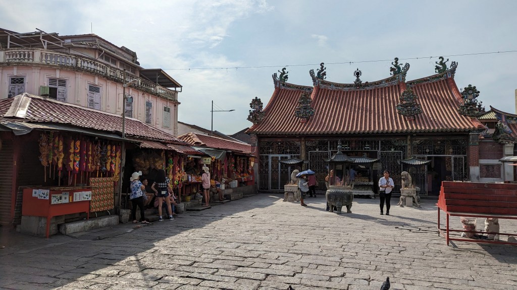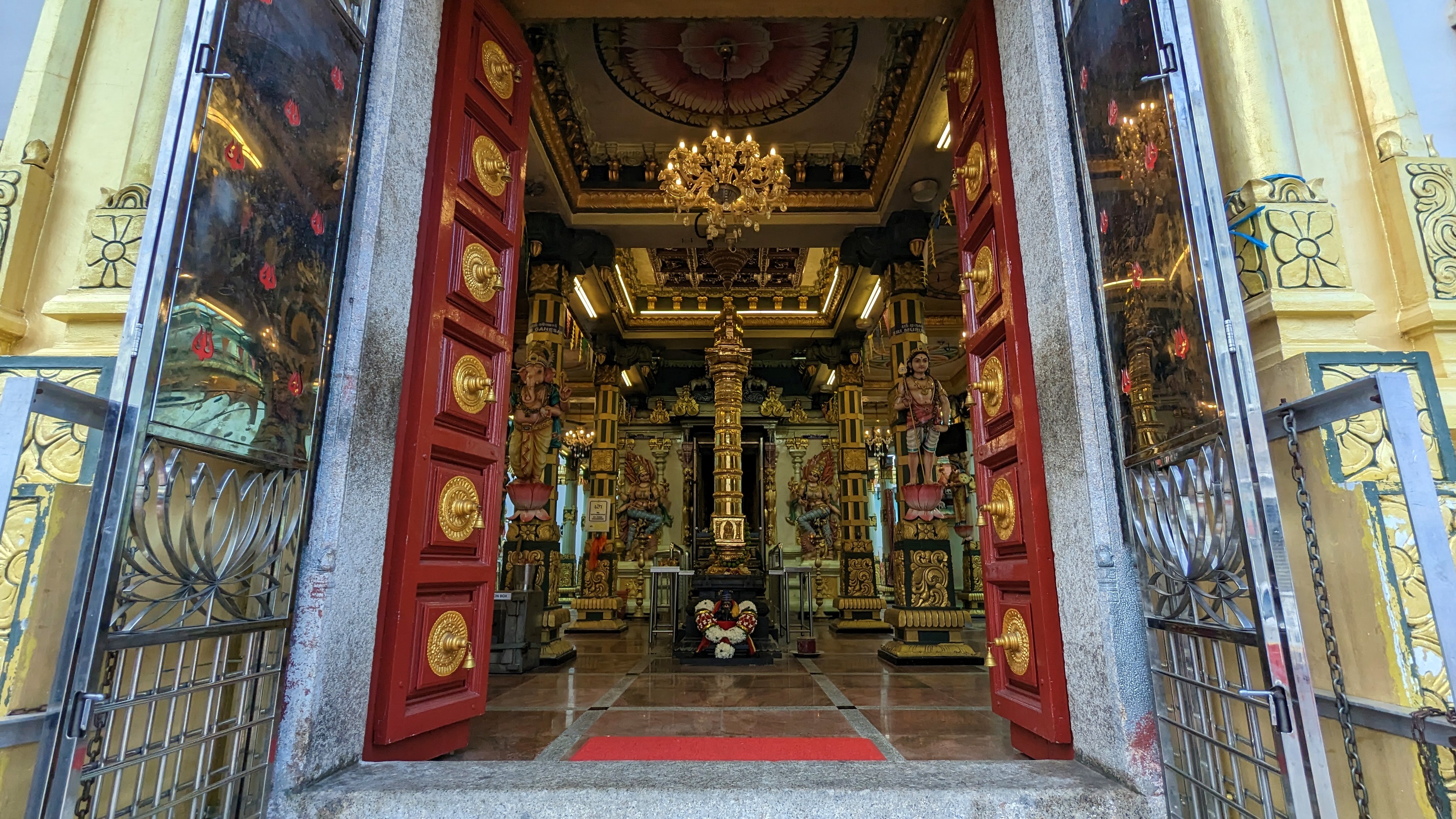 C’est maintenant au tour de l’hindouisme avec le mandir Sri Mahamariamman. C’est le plus ancien temple hindou de Penang mais le plus récent des établissements que nous venons de voir puisqu’il a été construit en 1833. Il est possible d’y rentrer mais depuis la rue opposée.
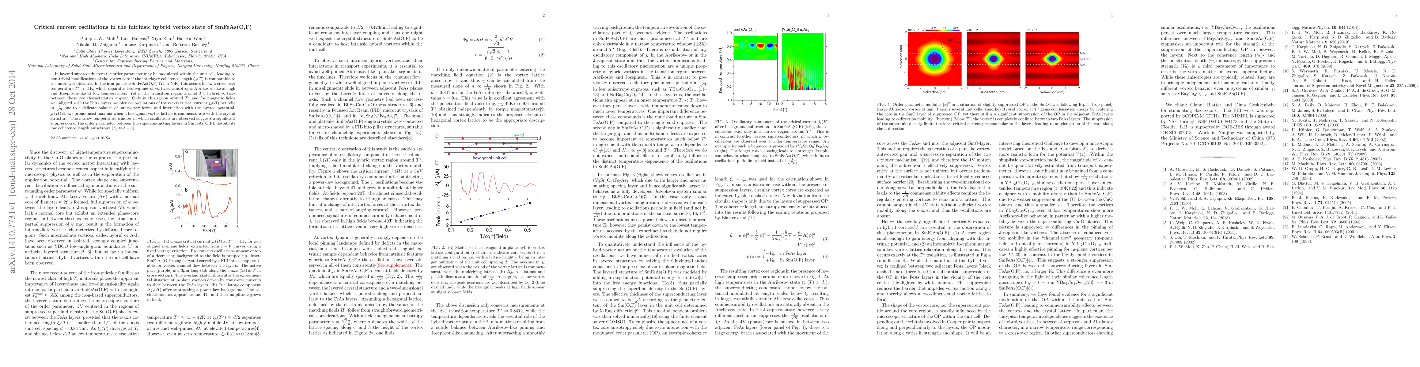 This study reveals critical current oscillations in the hybrid vortex state of the iron-pnictide superconductor SmFeAs(O,F) around a crossover temperature, indicating a delicate balance of intervortex forces and layered potential interaction. The oscillations occur only in a narrow temperature window and suggest significant suppression of the order parameter between superconducting layers.
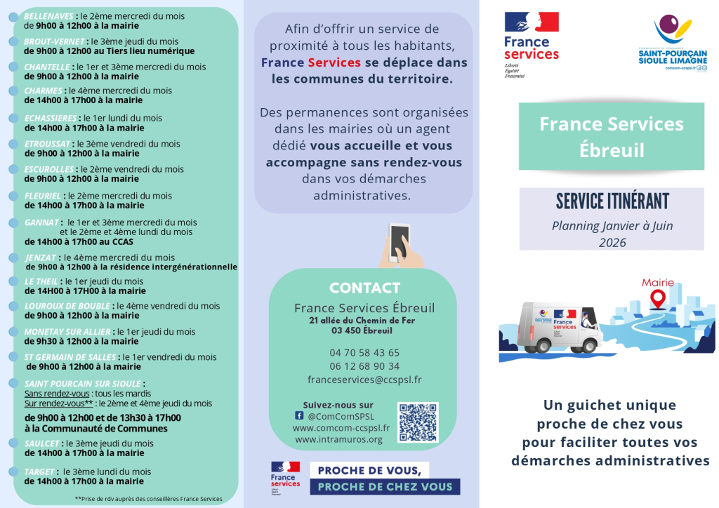 Tous les renseignements sur les permanences sont à retrouver sur le site internet de la Communauté de communes : France Services – Communauté de Communes Saint-Pourçain Sioule Limagne (comcom-ccspsl.fr)
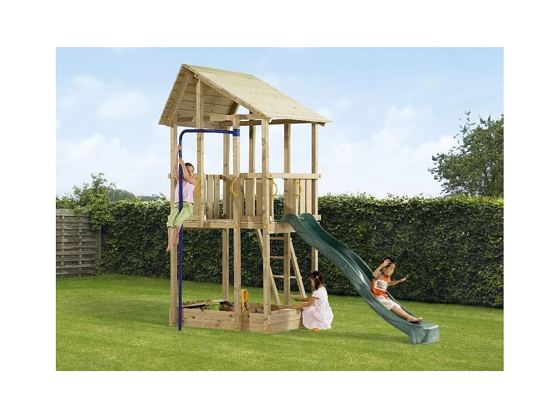Casetta per bambini in legno con scivolo - L182xL146xA205cm/ 1.1m2 - Timbela M501C
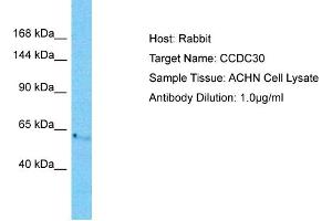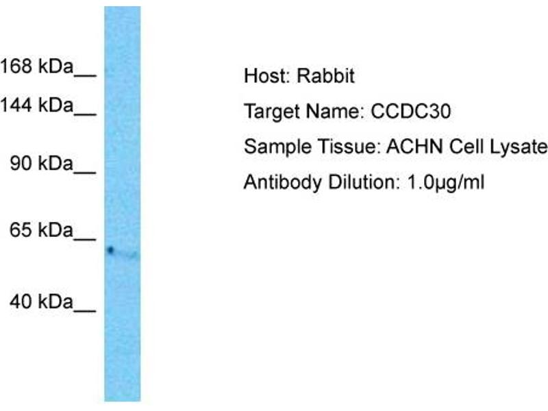 This is a rabbit polyclonal antibody against CCDC30. It was validated on Western Blot.
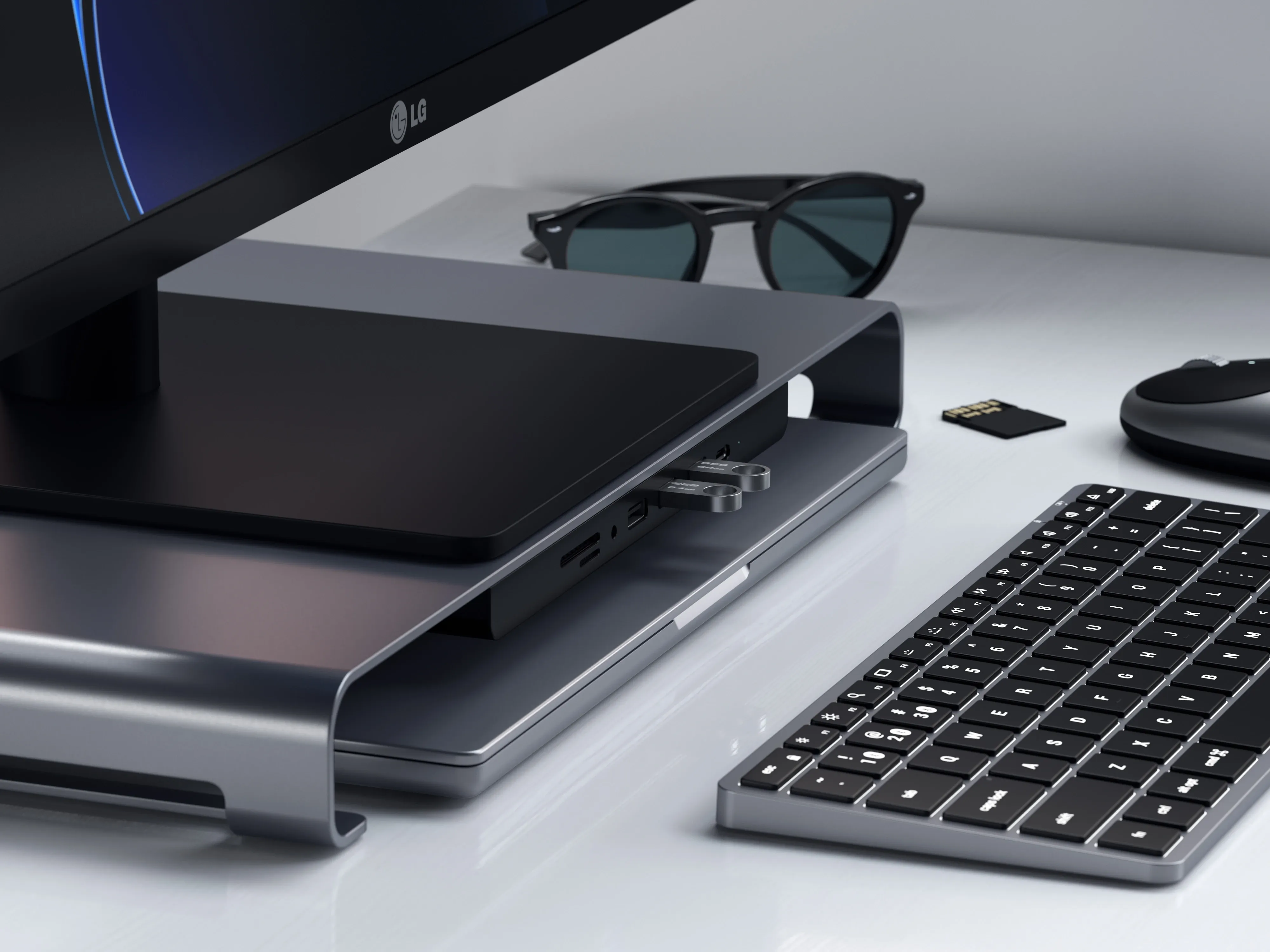 The Satechi USB-C Monitor Stand Hub XL offers five essential expansion ports that allow you to be more productive and...The Satechi USB-C Monitor Stand Hub XL offers five essential expansion ports that allow you to be more productive and maximize your space in style with a premium and modern aluminum finish. This USB-C Monitor Stand Hub XL not only looks great but it’s also practical, durable, and functional. Helps you reduce your neck strain and encourage better posture by elevating your device to a comfortable viewing angle with its seamless design.
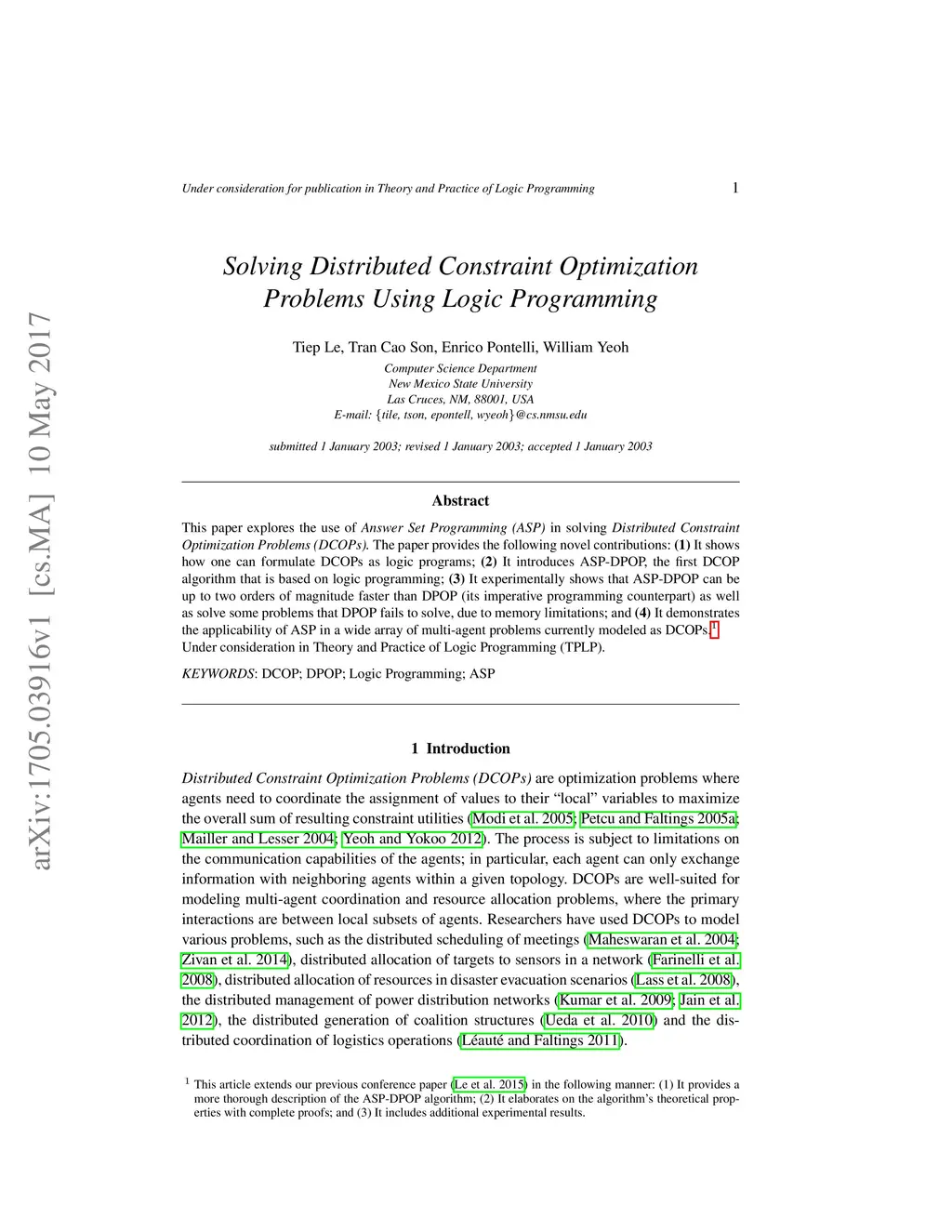 This paper explores the use of Answer Set Programming (ASP) in solving Distributed Constraint Optimization Problems (DCOPs). The paper provides the following novel contributions: (1) It shows how one can formulate DCOPs as logic programs; (2) It introduces ASP-DPOP, the first DCOP algorithm that is based on logic programming; (3) It experimentally shows that ASP-DPOP can be up to two orders of magnitude faster than DPOP (its imperative programming counterpart) as well as solve some problems that DPOP fails to solve, due to memory limitations; and (4) It demonstrates the applicability of ASP in a wide array of multi-agent problems currently modeled as DCOPs. Under consideration in Theory and Practice of Logic Programming (TPLP).

→ **What is required**:
In the listing above, find the line with "Tous les renseignements" and the line with "This is a rabbit". Copy exactly those lines and all between them, minus the images.

→ **Exercise result**:
 Tous les renseignements sur les permanences sont à retrouver sur le site internet de la Communauté de communes : France Services – Communauté de Communes Saint-Pourçain Sioule Limagne (comcom-ccspsl.fr)
Casetta per bambini in legno con scivolo - L182xL146xA205cm/ 1.1m2 - Timbela M501C
 This is a rabbit polyclonal antibody against CCDC30. It was validated on Western Blot.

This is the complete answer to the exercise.